- Case Type:
- Case Status:
- CC-22-1167-FLC (BAP) (9th Circuit, Feb 13,2023) Not Published
- Bankruptcy court did not err in concluding that creditor was a secured creditor and that its attempts to collect a real estate commission claimed by chapter 13 debtor violated the automatic stay.
- Procedural context:
- Appeal from the U.S. Bankruptcy Court for the Central District of California; reviewed de novo (for determination of stay violation) and for abuse of discretion (for imposition of contempt sanctions).

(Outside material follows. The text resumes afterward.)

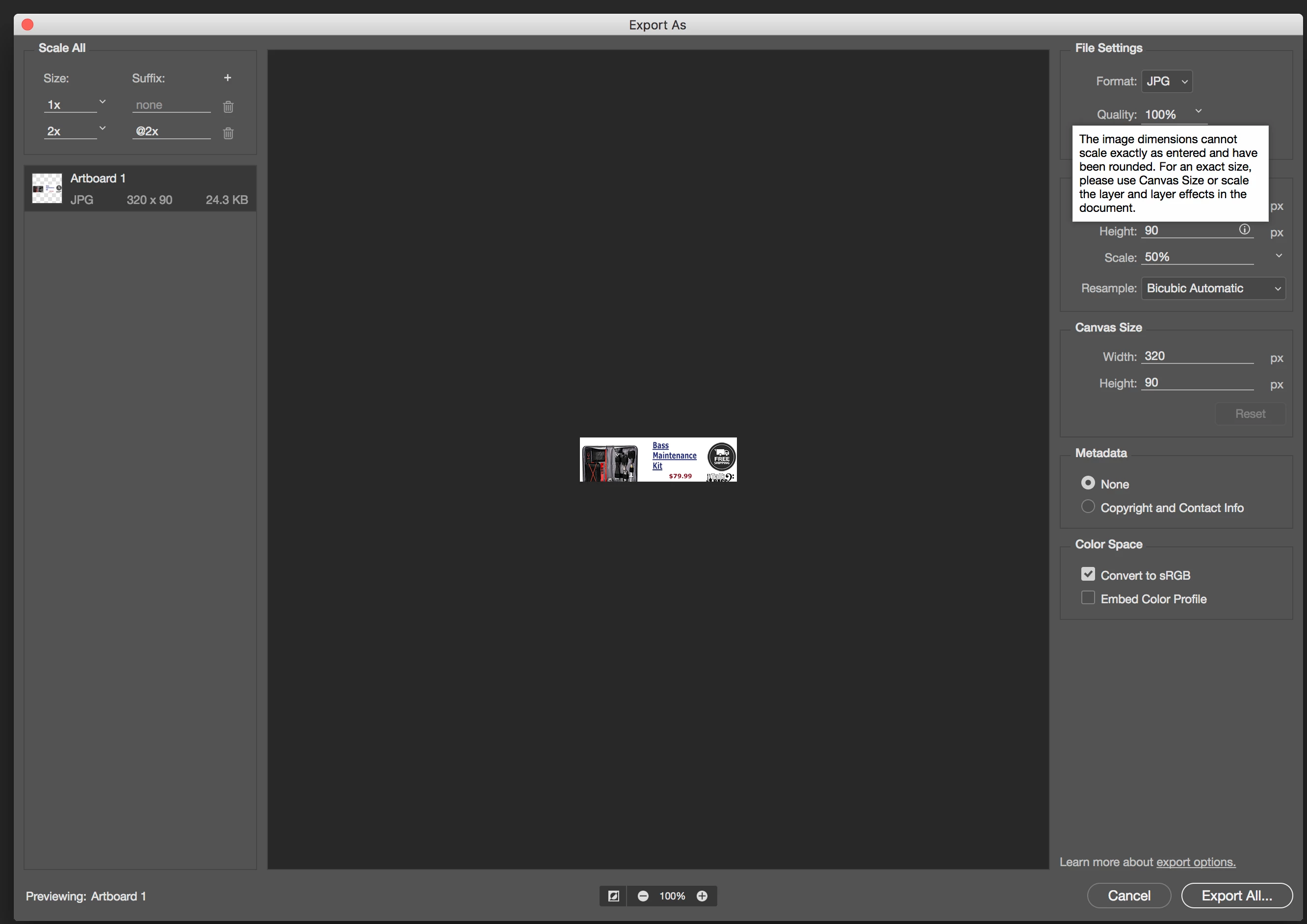 Whenever I get my 640x200 banner ready to export, I always used to scale it down to 50% (320x100) which is the 1x size for mobile (and I export a 2x version as well). Now, it will not let me export a 320x100, instead it INSISTS on exporting it as 320x90 (clipping the bottom off the banner). Screenshot attached.

- Debtor, a licensed real estate broker, entered into agreements with Creditor under which Debtor assigned a portion of an anticipated commission to Creditor in exchange for an "advance" of funds and a grant of a security interest in all of Debtor's commissions. After the sale anticipated to result in the commission failed to close, Debtor filed a chapter 13 petition. Debtor did not list Creditor on her schedules or creditor mailing listed but did list an affiliated business. Creditor filed a proof of claim and contended that it held a secured claim. Debtor objected, contending that debt was properly a general unsecured claim. Subsequently, Debtor relisted the property and disclosed that she anticipated receiving a commission from that property. In response to Debtor's objection, Creditor claimed that it was a factoring company and had in fact purchased the assigned portion of Debtor's commission. Thus, Creditor alleged that the assigned portion of the commission was not part of the bankruptcy estate. Creditor also made demands on Debtor and others to obtain payment of the commission from the new sale without obtaining stay relief. The bankruptcy court dismissed Debtor's chapter 13 case; thereafter, the sale of the property closed, and Debtor retained the commission for herself. Debtor filed a motion for an order to show cause why Creditor should not be held in contempt for violation of the automatic stay. Creditor opposed the motion, arguing that it was a factor rather than a lender that was acting only to protect its own asset, which it had purchased prepetition. The bankruptcy court granted the motion. Creditor repeated its earlier arguments in response to the order to show cause. Debtor argued that Creditor was a secured creditor rather than a buyer of the commission. After an evidentiary hearing, the bankruptcy court determined that Creditor had received actual notice of Debtor's bankruptcy filing and rejected Creditor's position that it was a factor rather than a secured creditor. The bankruptcy court concluded that Creditor willfully violated the automatic stay when Creditor made demands on Debtor. The bankruptcy court further found that Creditor did not have a good-faith belief and that it should be sanctioned in the amount of $20,000.